_Task goal_:
Leaving out the pictures, return word for word the stretch of entries below from the line holding "Para más información" through the line holding "- Το 2017 ολοκληρώθηκε".

_Available data_:
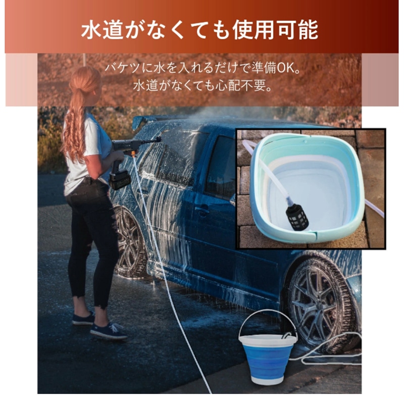 ●バケツに水を入れるだけで準備OK。水道がなくても使用可能。
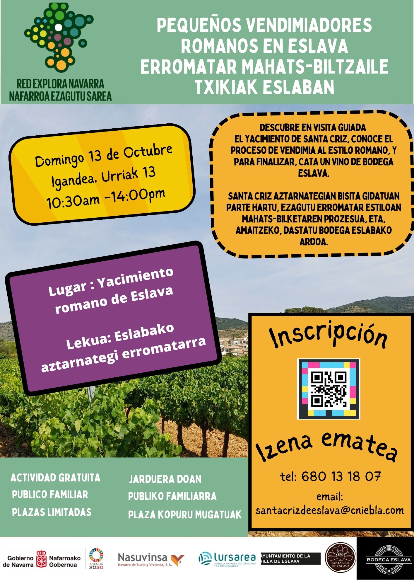 Para más información y reservas, consulta aquí: https://reservas.redexploranavarra.es/esp-SantaCriz-Eslava/TerritorioEslavaHistoriaySaborenlaAntiguaRoma
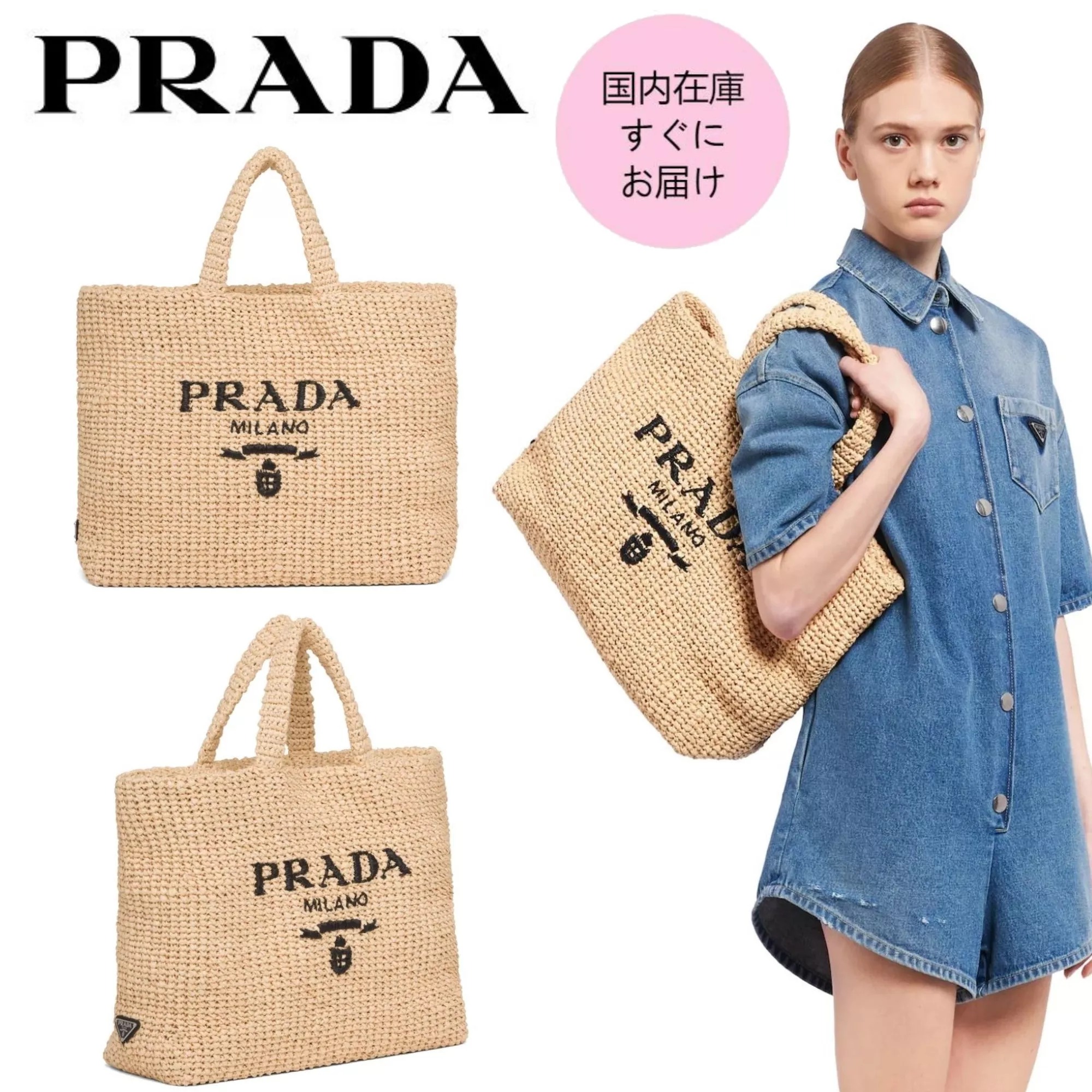 Limited production! Not in stock in Japan! difficult to get! PRADA Raffia Tote Bag, a hot topic in magazines! 2022 version is now available! !! Limited price: If you wait until summer, you won't be able to get it! * 100% new / genuine, purchased only from authorized Prada stores * Because it is a very popular product, inventory is constantly changing. It's a first-come-first-served sale!
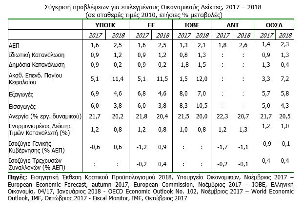 - Το 2017 ολοκληρώθηκε θετικά όσον αφορά τη δημοσιονομική ισορροπία αλλά με χαμηλότερο από τον επιθυμητό ρυθμό μεγέθυνσης. Η ανάκαμψη στηρίζεται σε δύο κύριους λόγους. Σε αντίθεση με το παρελθόν υπάρχει πλέον συμφωνία μεταξύ κυβέρνησης και αντιπολίτευσης για την ανάγκη να εφαρμοστούν τα προγράμματα και να αποφεύγονται διενέξεις με τους δανειστές και εταίρους. Η ισχυρή ανάπτυξη στο εξωτερικό περιβάλλον και ειδικά στην Ευρώπη, πλέον του αναμενόμενου, λειτουργεί ευεργετικά και τραβά την οικονομία προς τα πάνω.
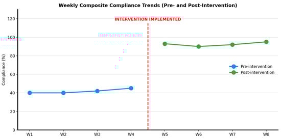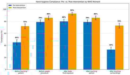 Background/Objective: Hand hygiene is a cornerstone of infection prevention; however, compliance is inconsistent in intensive care units (ICUs), particularly in resource-constrained settings. This study evaluated whether a low-cost, multimodal quality improvement intervention could improve process-level hand hygiene compliance using routine, episode-based audits embedded in the ICU practice. Methods: We conducted a single-cycle Plan-Do-Study-Act quality improvement project in a 12-bed mixed medical–surgical ICU in Pakistan (December 2023–January 2024). Hand hygiene performance was assessed using the unit’s routine weekly episode-based audit protocol, aligned with the WHO Five Moments framework. A targeted multimodal intervention comprising education, point-of-care visual reminders, audit feedback, and leadership engagement was implemented between the pre- and post-intervention phases (four weeks each). Non-applicable moments were scored as “compliant by default” according to the institutional protocol. A sensitivity analysis was performed excluding these moments to calculate pure adherence. Compliance proportions were summarized using exact 95% Clopper–Pearson confidence intervals without inferential testing. Results: A total of 942 audit episodes (471 per phase) generated 4710 moment-level assessments were generated. Composite hand hygiene compliance increased from 63.1% pre-intervention to 82.0% post-intervention [absolute increase: 18.9 percentage points (pp)]. Sensitivity analysis excluding non-applicable moments demonstrated pure adherence improvement from 54.2% to 82.5% (+28.3 pp), confirming a genuine behavioral change rather than a measurement artifact. Compliance improved across all five WHO moments, with the largest gains in awareness-dependent moments targeted by the intervention: before touching the patient (+27.0 pp) and after touching patient surroundings (+40.0 pp). Week-by-week compliance remained stable within both phases, without immediate post-intervention decay. Conclusions: A pragmatic, low-cost multimodal intervention embedded in routine ICU workflows was associated with substantial short-term improvements in hand hygiene compliance over a four-week observation period, particularly for awareness-dependent behaviors. Episode-based audit systems can support directional process monitoring in resource-limited critical care settings without the need for electronic surveillance. However, its long-term sustainability beyond one month and generalizability to other settings remain unknown. Sensitivity analyses are essential when using “compliant by default” scoring to distinguish adherence patterns from measurement artifacts.
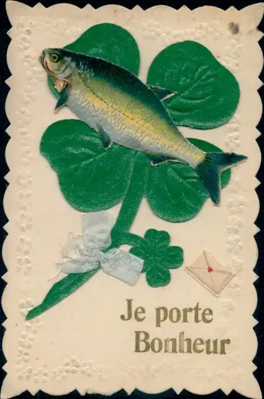 Präge Material Ak Glücksklee, Fisch, Stoffschleife
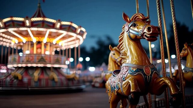 Close-up of a carousel horse with detailed ornaments illuminated at night in an amusement park setting blurred background lights and dark blue sky ambiance.
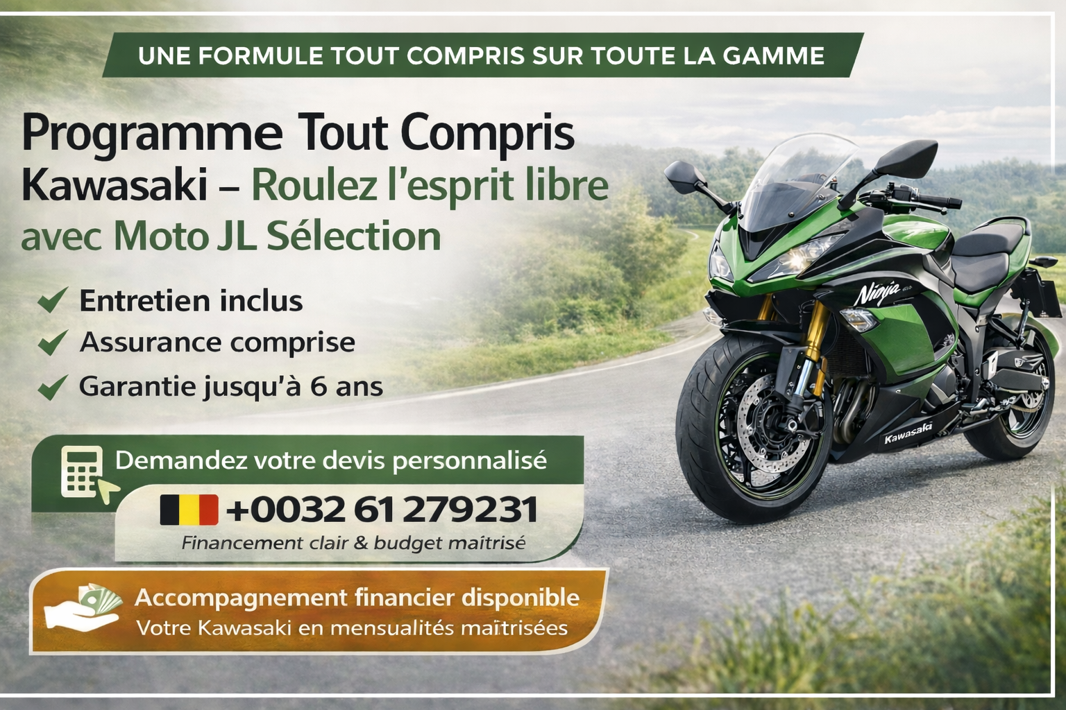 🟢 Programme Tout Compris Kawasaki – Roulez l’esprit libre avec Moto JL Sélection
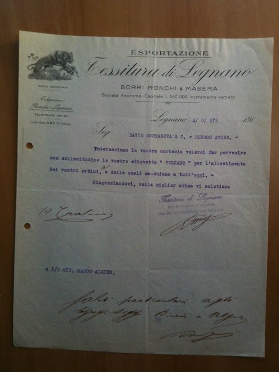 Lettera Commerciale Tessitura Legnano Esportazione Borri Ronchie & Masera 1915
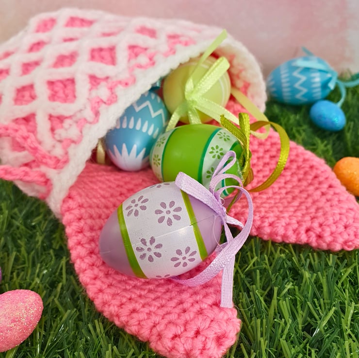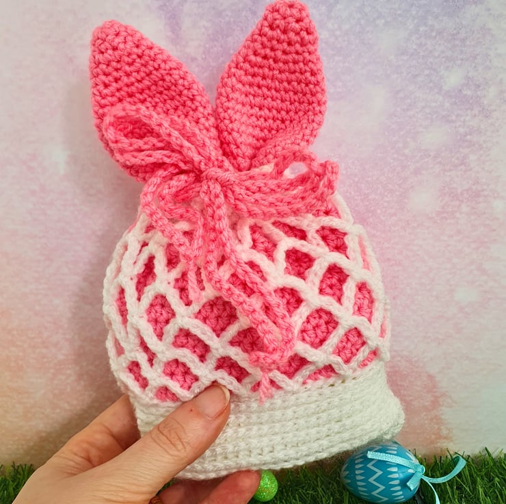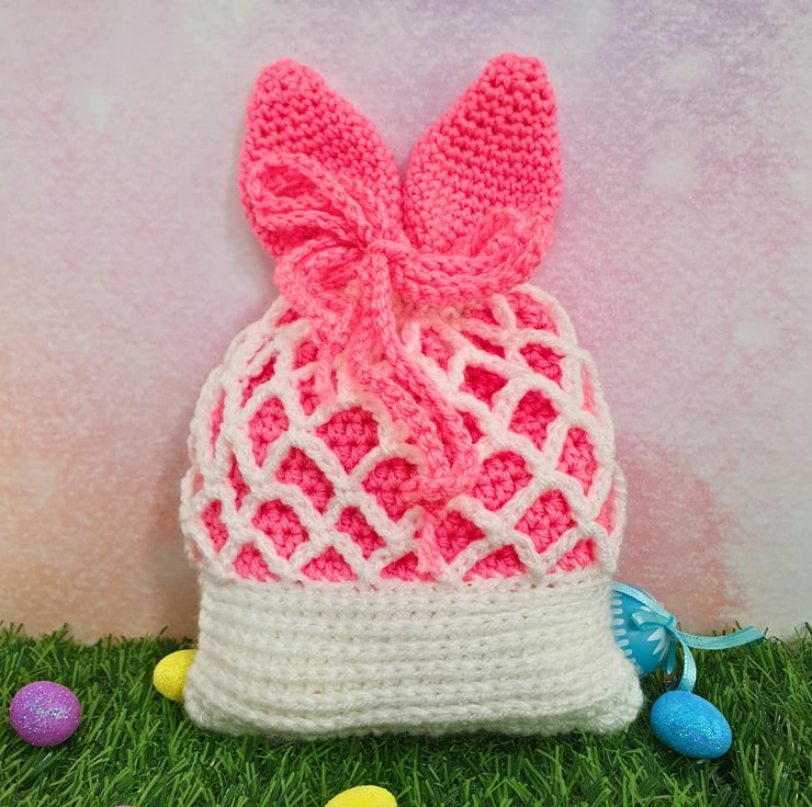 Drawstring treat pouch / gift bag with bunny ears, hand crocheted with a 100% acrylic yarn. The closure is made with 2 strings / cords, which when pulled in opposite directions, will keep your treats, small gifts & and, why not, Easter eggs, secure inside the pouch.

_Problem solution_:
 Para más información y reservas, consulta aquí: https://reservas.redexploranavarra.es/esp-SantaCriz-Eslava/TerritorioEslavaHistoriaySaborenlaAntiguaRoma
 Limited production! Not in stock in Japan! difficult to get! PRADA Raffia Tote Bag, a hot topic in magazines! 2022 version is now available! !! Limited price: If you wait until summer, you won't be able to get it! * 100% new / genuine, purchased only from authorized Prada stores * Because it is a very popular product, inventory is constantly changing. It's a first-come-first-served sale!
 - Το 2017 ολοκληρώθηκε θετικά όσον αφορά τη δημοσιονομική ισορροπία αλλά με χαμηλότερο από τον επιθυμητό ρυθμό μεγέθυνσης. Η ανάκαμψη στηρίζεται σε δύο κύριους λόγους. Σε αντίθεση με το παρελθόν υπάρχει πλέον συμφωνία μεταξύ κυβέρνησης και αντιπολίτευσης για την ανάγκη να εφαρμοστούν τα προγράμματα και να αποφεύγονται διενέξεις με τους δανειστές και εταίρους. Η ισχυρή ανάπτυξη στο εξωτερικό περιβάλλον και ειδικά στην Ευρώπη, πλέον του αναμενόμενου, λειτουργεί ευεργετικά και τραβά την οικονομία προς τα πάνω.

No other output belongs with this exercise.